Rectification : aucun système Macintosh n'est "libre", par contre, tous ces systèmes, du premier au 7.5.5 *inclus* sont gratuits, et ça n'est qu'à partir du 7.6 que la licence d'utilisation n'est plus concédée gratuitement par Apple (qui met gracieusement à disposition sur son site le système 7.5.3 ainsi que la mise à jour 7.5.5).
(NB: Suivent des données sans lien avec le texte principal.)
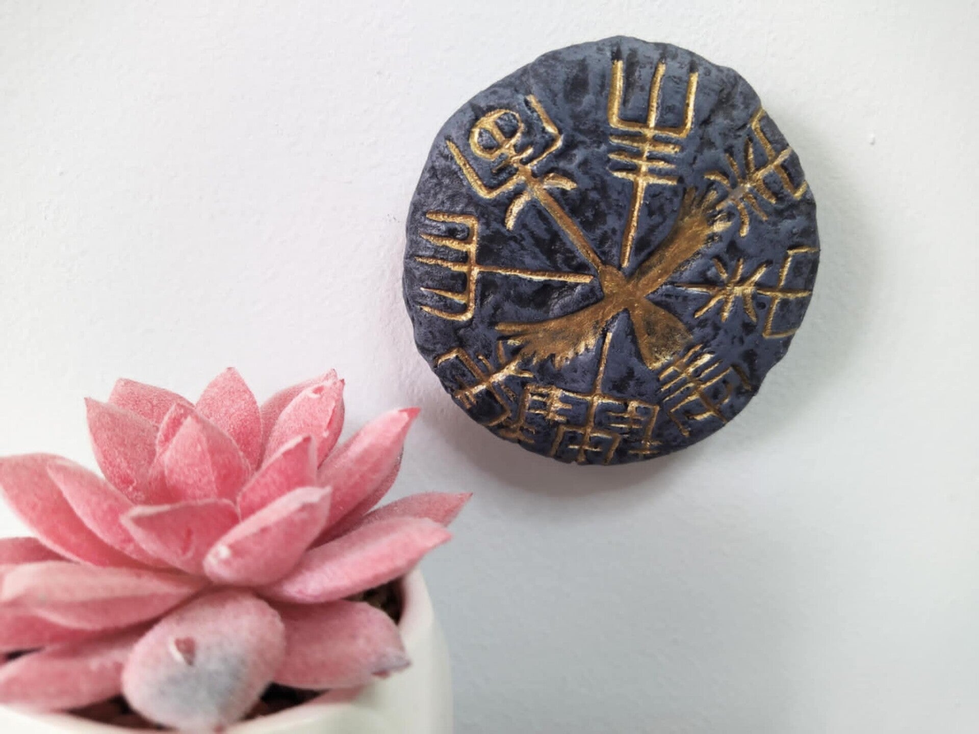 Viking Vegvisir Compass Symbol stone, plant pot garden or wall, indoor outdoor decoration
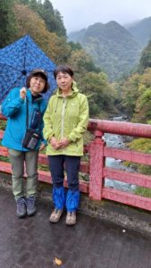 小雨が降ったり止んだりの空模様でしたので、電車に乗っているときから臨機応変で行きましょうという事になりました。予定の大輪バス停で下車したものの歩き出す前に降ってきてしまい、もう一度バスに乗り直して三峰神社バス停まで行くことにしました。そのバスを待っている間に登竜橋まで行って橋の上から見える絶景を楽しんできましたが、橋の上にクマ目撃の大きな看板があり驚きました。
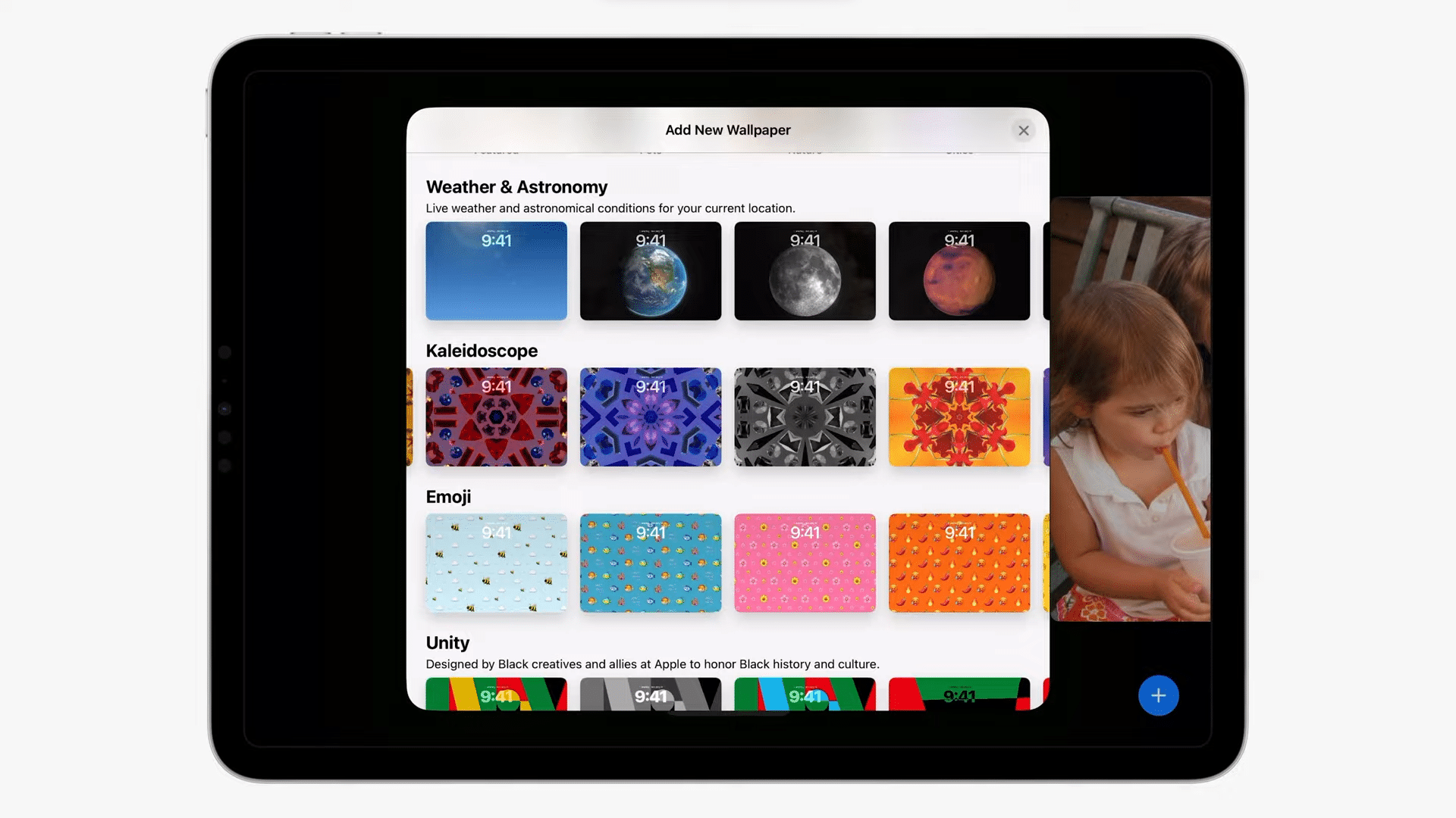 Inoltre, gli utenti possono selezionare sfondi dalla galleria Lock Screen che completano la grande tela dell'iPad e personalizzare l'aspetto della data e dell'ora con stili e colori di carattere espressivi. Possono anche creare i propri design utilizzando gli emoji e le combinazioni di colori preferiti.

Pour préciser un peu les choses, Apple mets gracieusement à disposition la licence d'utilisation de tous les systèmes antérieurs au retour de Steve Jobs chez Apple (le 7.6 était le premier dans lequel il ait mis son nez).

"Libre" et "gratuit", ça n'est absolument pas la même chose. "Libre", le logiciel est laissé à la disposition de la communauté sous la condition que celle ci fasse retour des modifications qu'elle lui apporte (une licence comme GNU, par exemple). "Gratuit", seule la licence d'utilisation est concédée, mais il est interdit de modifier le logiciel, et même de le désassembler pour en consulter le code.



cdbvs a dit:


> Ton SE30 à de grandes facultés



Bon, faut pas exagérer non plus, c'est vrai que c'est une machine intéressante, mais dans le cadre d'une utilisation de type "collectionneur nostalgique". Ne vas pas penser que je n'aime pas cette machine (ça a été mon premier Mac "à moi", tous ceux qui me sont passé dans les mains avant étaient ceux de la boite où je bossais), mais il faut être conscient qu'elle est totalement dépassée.

Ah, autre chose, bien qu'elle gère l'adressage 32 bits, sa ROM n'est pas "32 bits clean", et pour utiliser des applications ne supportant pas l'adressage 24 bits, il faut utiliser une extension nommée "Mode32" qui doit être sur le site d'Apple, mais qu'on peut aussi trouver ici.

D'ailleurs, le site de mon lien est une mine à explorer pour animer ces anciennes machines.


----------



## Grencer (5 Novembre 2011)

Merci beaucoup pour toutes ces infos !


----------